OnePath closes $179m superannuation fund
OnePath has decided to close its $179 million Private Portfolio Service (PPS) Superannuation fund as well is the PPS Mortgage trust which invests in the troubled LM morgtage fund.
Thursday, July 28th 2011, 7:19AM 1 Comment
The superannuation has just under 2000 members and the money invested is then invested into separate PPS funds. One of these is the mortgage fund which is being closed.
OnePath genral manager funds management, David Boyle, says the super fund has reached the end of its life cycle and the amount of money in it has been decreasing for some time. The fund also lost a significant investor recently and that has contributed to the decision to close the fund.
He says fund managers have to have products and services that are appropriate for the market environment and meet the demands of investors and advisers.
The PPS Superannuation fund doesn't do that, he says.
OnePath continues to have other super fund options under its SIL and MFL brands.
Boyle says this move isn't an omen for the super fund sector.
"I don't believe it's the beginning of the end."
OnePath is working with the Financial Markets Authority on the closure and expects to have the process completed by November.
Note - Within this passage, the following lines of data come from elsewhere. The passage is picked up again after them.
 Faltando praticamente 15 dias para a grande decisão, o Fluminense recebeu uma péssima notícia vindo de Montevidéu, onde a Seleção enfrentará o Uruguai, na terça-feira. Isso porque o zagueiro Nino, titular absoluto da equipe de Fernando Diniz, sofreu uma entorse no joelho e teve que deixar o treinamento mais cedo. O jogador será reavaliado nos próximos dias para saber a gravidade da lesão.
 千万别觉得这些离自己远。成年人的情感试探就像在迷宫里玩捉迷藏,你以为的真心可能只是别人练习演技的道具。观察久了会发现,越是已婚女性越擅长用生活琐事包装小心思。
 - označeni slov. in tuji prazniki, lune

The fund is being closed and money returned to investors, as opposed to investors being offered transfer options.
All the money in the super fund comes via the adviser distribution network, rather than directly from investors. Boyle acknowledges there is a risk OnePath will lose some of the money but believes OnePath has some good alternative investment solutions.
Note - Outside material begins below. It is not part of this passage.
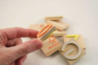 reuní las pegatinas de espuma adhesiva a las pequeñas plazas. Desde que tuve un frasco entero de cartas, puse la letra en el frente y la espalda. Hay sólo unas pocas letras que no son simétricas de alguna manera y así que tuve que pegar hacia atrás en el lado estampado en su lugar. También tenía que trabajar con el pegamento un poco para que no ensucie con la tinta de estampación.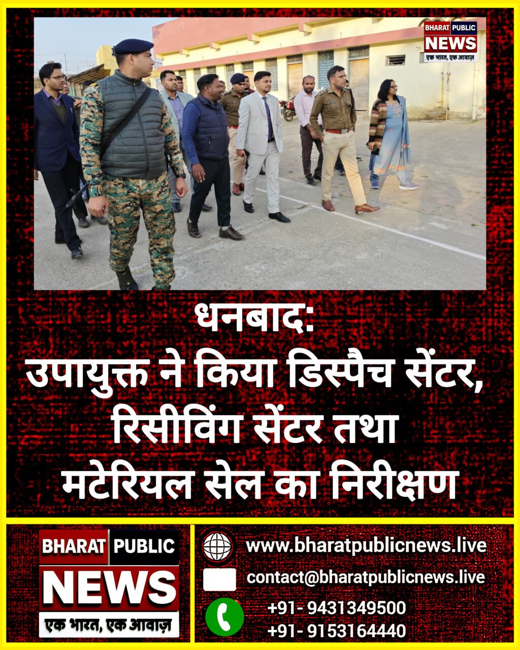 *नगरपालिका (आम) निर्वाचन 2026 के सफल, निष्पक्ष एवं शांतिपूर्ण संचालन को सुनिश्चित करने के निर्देश**राज्य निर्वाचन आयोग, झारखण्ड द्वारा निर्गत सभी दिशा-निर्देशों का करें अक्षरशः अनुपालन – उपायुक्त*नगरपालिका (आम) निर्वाचन 2026 के सफल, निष्पक्ष एवं शांतिपूर्ण संचालन को सुनिश्चित करने के उद्देश्य से आज दिनांक 02 फरवरी 2026 को उपायुक्त सह जिला दंडाधिकारी श्री आदित्य रंजन तथा वरीय पुलिस अधीक्षक श्री प्रभात कुमार ने बिरसा मुंडा स्पोर्ट्स कॉम्प्लेक्स स्थित डिस्पैच सेंटर, धनबाद पॉलिटेक्निक स्थित रिसीविंग सेंटर तथा टाउन हॉल के सामने विवाह भवन स्थित मटेरियल सेल का निरीक्षण किया।इस दौरान उपायुक्त ने कार्य में लगे पदाधिकारियों तथा कर्मियों को निर्देशित किया कि निर्वाचन से संबंधित प्रत्येक कार्य की सतत एवं बारीकी से निगरानी सुनिश्चित करें, ताकि किसी भी स्तर पर त्रुटि या लापरवाही की गुंजाइश न रहे।राज्य निर्वाचन आयोग, झारखण्ड द्वारा निर्गत सभी दिशा-निर्देशों का अक्षरशः अनुपालन करते हुए ही निर्वाचन प्रक्रिया का संचालन किया जाए। सभी संबंधित पदाधिकारियों एवं कोषांगों को आपसी समन्वय स्थापित करते हुए समयबद्ध एवं जिम्मेदारीपूर्ण तरीके से अपने-अपने दायित्वों का निर्वहन करने का निर्देश दिया।मौके पर उपायुक्त श्री आदित्य रंजन, एसएसपी श्री प्रभात कुमार, सिटी एसपी श्री ऋत्विक श्रीवास्तव, उप विकास आयुक्त श्री सन्नी राज, एसडीएम श्री लोकेश बारंगे, निदेशक डीआरडीबी श्री राजीव रंजन, एडीएम लॉ एंड ऑर्डर श्रीमती हेमा प्रसाद, जिला पंचायती राज पदाधिकारी श्री मुकेश बाउरी समेत अन्य पदाधिकारी मौजूद रहे।

As well as closing the super fund, OnePath is closing its troubled mortgage fund. This fund has $45 million invested in it and has 761 members. Around $11 million of the fund is invested in the Australian-domicilied LM Mortgage fund.
LM froze its funds in 2009 causing trouble for PPS (and other investors). PPS split its mortgage fund into two sub funds (A and B Units) to ensure the frozen LM investment was quarantined from the majority of assets in its mortgage fund.
"We consider the ongoing uncertainty around the LM Fund, to which the B units relate, is unsatisfactory. More than two years have passed since the suspension of the LM Fund, with the Mortgage Fund receiving no cash payments from the LM Fund in this period, and we continue to have no certainty from the LM Fund‟s manager as to when any repayment from the LM Fund will be made," OnePath says.
It says the uncertainty is "unsatisfactory" and that full payment of the LM funds is likely to be some years away.
OnePath plans to purcashe the B Units at full face value, and convert them to A Units and then wind up the fund.
Boyle acknowledges most fund managers have already closed their mortgage funds and OnePath is one of the last to do this.
He says mortgage funds have reached the end of their lifecycle and there is no demand for them.
"We currently see no future for this type of product."